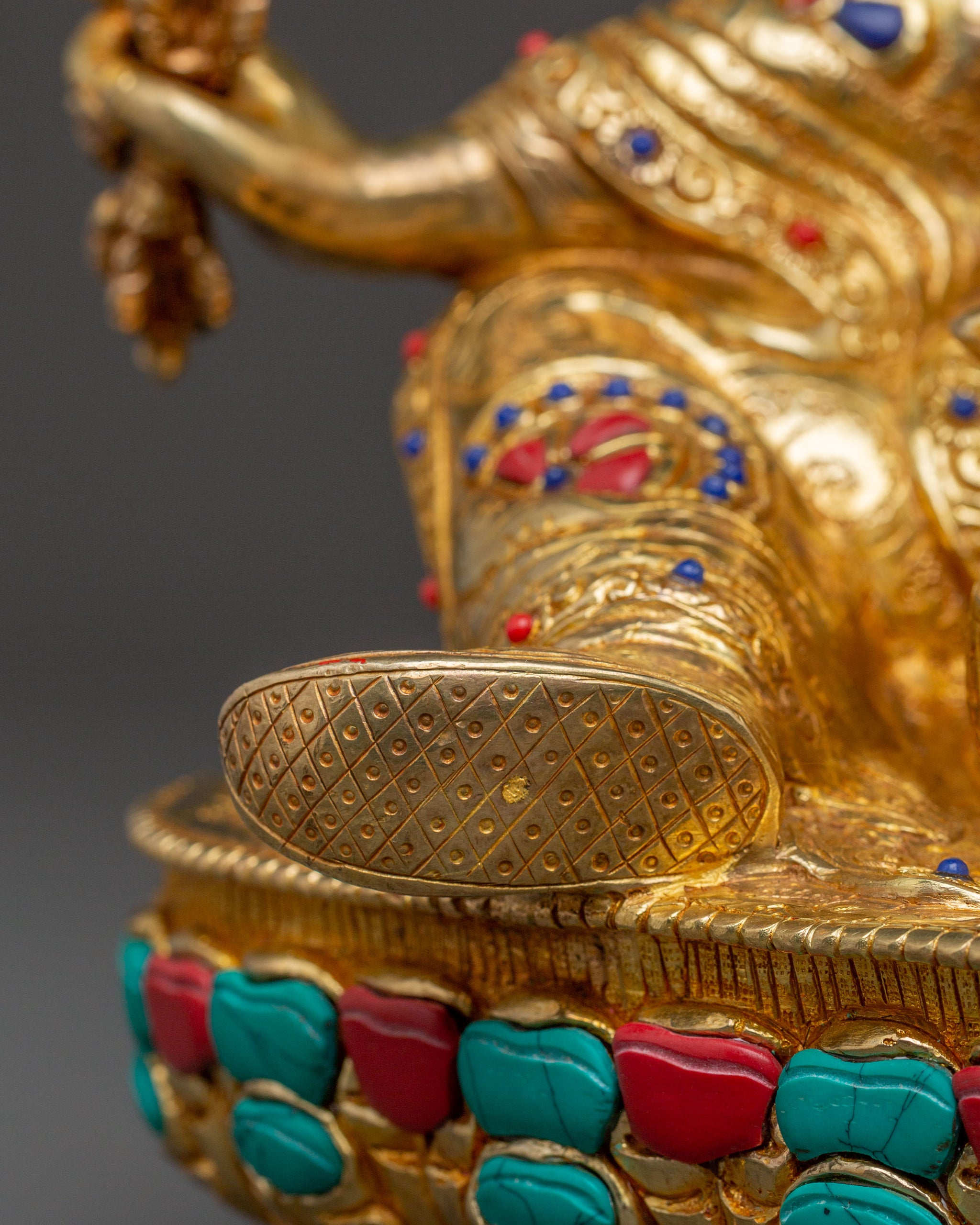 The masterful artistry of Nepal shines through every detail of this handcrafted treasure. A radiant 3-layer 24K gold gilding envelops the copper body, reflecting light and devotion. Intricate repoussé and chasing techniques bring his robes and attributes to life, while carefully hand-carved gemstones and vibrant acrylic paintings add depth and sacred adornment. This meticulous process ensures not only a beautiful piece of Himalayan craftsmanship but a durable heirloom for generations.
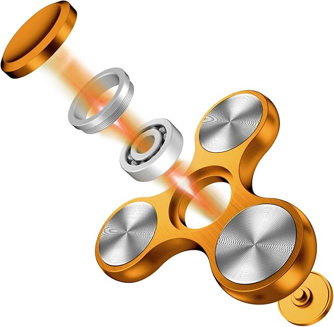 Fidget Spinners Toy, Metal Stainless Steel Bearing High Speed 4-8 Min Spins, EDC ADHD Stress Anxiety Relieves Reducer Fidgets Finger Toys, Spinner Toys for Kids and Adults (Orange)
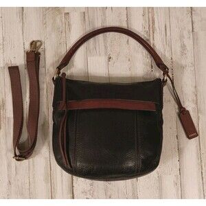 Fossil Jolie Hobo Crossbody Bag Purse Pebbled Leather Black Brown
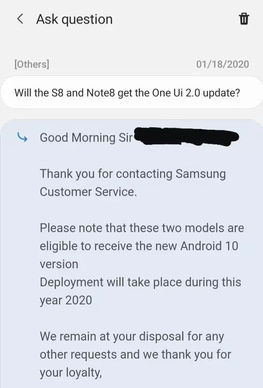 Jednak serwis wsparcia Samsung zgłosił inne informacje: komunikując się z jednym z użytkowników, pracownicy powiedzieli, że Galaxy S8 i Galaxy Note 8 otrzymają system Android 10. Aktualizacja ma zostać wydana „w 2020 roku”.
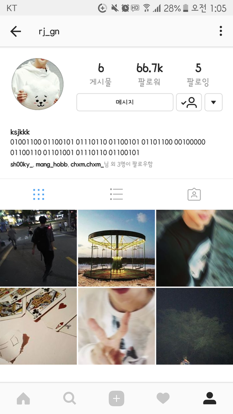 rj_gn (석진) 계정에 올라온 모스부호들
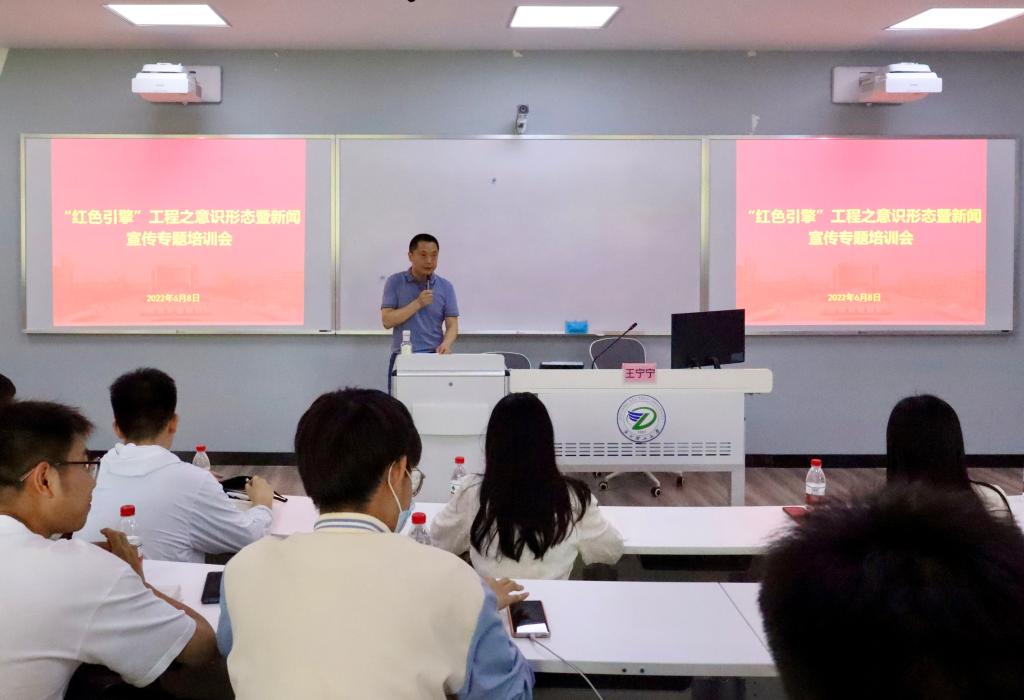 为进一步强化学校意识形态工作,进一步适应新时代新闻宣传工作需要,提升新闻宣传工作水平。68日下午,体育博彩 联合建筑工程学院、理学院举办“红色引擎”工程之新闻宣传专题培训会。会上邀请校党委宣传部(教师工作部)部长助理王宁宁、新闻宣传科科长石丛珊和体育博彩 党委副书记、纪委书记周照东开展培训。材料学院、建筑工程学院、理学院等三个学院行政办公室教师、班主任、学生干部等参加培训。会议由建筑工程学院党委副书记、纪委书记李孝明主持。
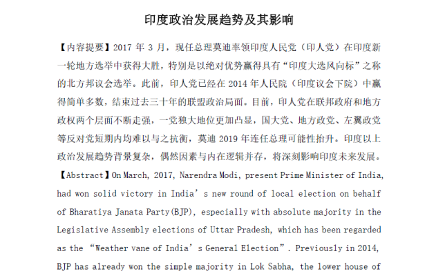 摘要:2017年3月,现任总理莫迪率领印度人民党(印人党)在印度新一轮地方选举中获得大胜,特别是以绝对优势赢得具有“印度大选风向标”之称的北方邦议会选举。此前,印人党已经在2014年人民院(印度议会下院)中赢得简单多数,结束过去三十年的联盟政治局面。目前,印人党在联邦政府和地方政权两个层面不断走强,一党独大地位更加凸显,国大党、地方政党、左翼政党等反对党短期内均难以与之抗衡,莫迪2019年连任总理可能性抬升。印度以上政治发展趋势背景复杂,偶然因素与内在逻辑并存,将深刻影响印度未来发展。
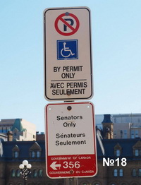 Вказівник у паркінгу столичного міста Оттава біля велетеньської споруди парламенту Канади. Напис: "Паркінг заборонено. Дозволено паркування тільки за інвалідними посвідченнями та для сенаторів".
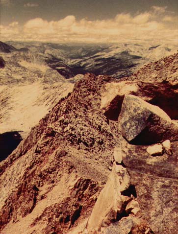 View to the west from Mt. Wallace with Evolution Valley in the background. The Wallace-Haeckel saddle is in the lower center.
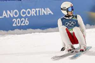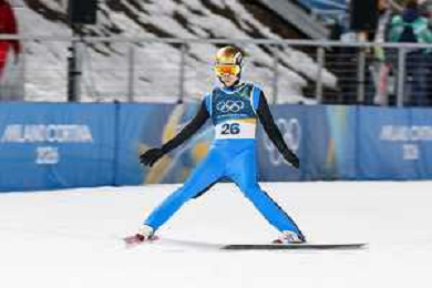 Antti AALTO, FIN, bib number 26, Action Photo, Men's Normal Hill HS107 at Ski Jumping Olympic Winter Games 2025-26 in Milano Cortina, Italy, 2026-02-09, Photo Credit: action press / Julia Piatkowska/KarmaPress / AGENZIA ALDO LIVERANI SAS ITALY ONLY EDITORIAL USE ONLY
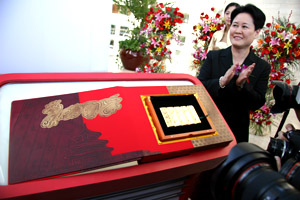 中國(guó)銀行股份有限公司今日還代表發(fā)行方和經(jīng)銷方將本次發(fā)行的具有特殊意義的二十九號(hào)一百克的“北京奧運(yùn)金”捐贈(zèng)給了第二十九屆奧林匹克運(yùn)動(dòng)會(huì)組織委員會(huì)作永久保留,表達(dá)社會(huì)各界對(duì)北京二00八年奧運(yùn)會(huì)的祝福和期盼。
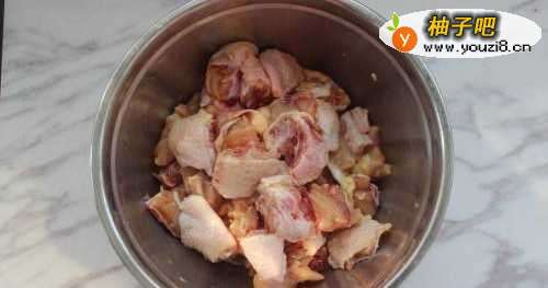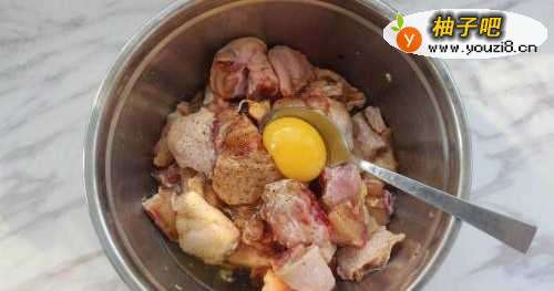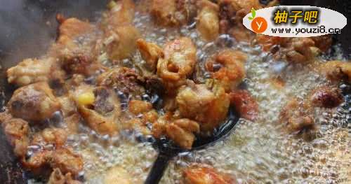 5炒锅多点油,放入腌好的鸡块,中火炸
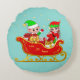 Cute Elf on Christmas Sleigh on Teal Round Cushion

THE TASK — Only the lines from the one with "中國(guó)銀行股份有限公" through the final line of the entries above should be transcribed, exactly and without pictures.

WRITTEN SOLUTION —
 中國(guó)銀行股份有限公司今日還代表發(fā)行方和經(jīng)銷方將本次發(fā)行的具有特殊意義的二十九號(hào)一百克的“北京奧運(yùn)金”捐贈(zèng)給了第二十九屆奧林匹克運(yùn)動(dòng)會(huì)組織委員會(huì)作永久保留,表達(dá)社會(huì)各界對(duì)北京二00八年奧運(yùn)會(huì)的祝福和期盼。
 5炒锅多点油,放入腌好的鸡块,中火炸
 Cute Elf on Christmas Sleigh on Teal Round Cushion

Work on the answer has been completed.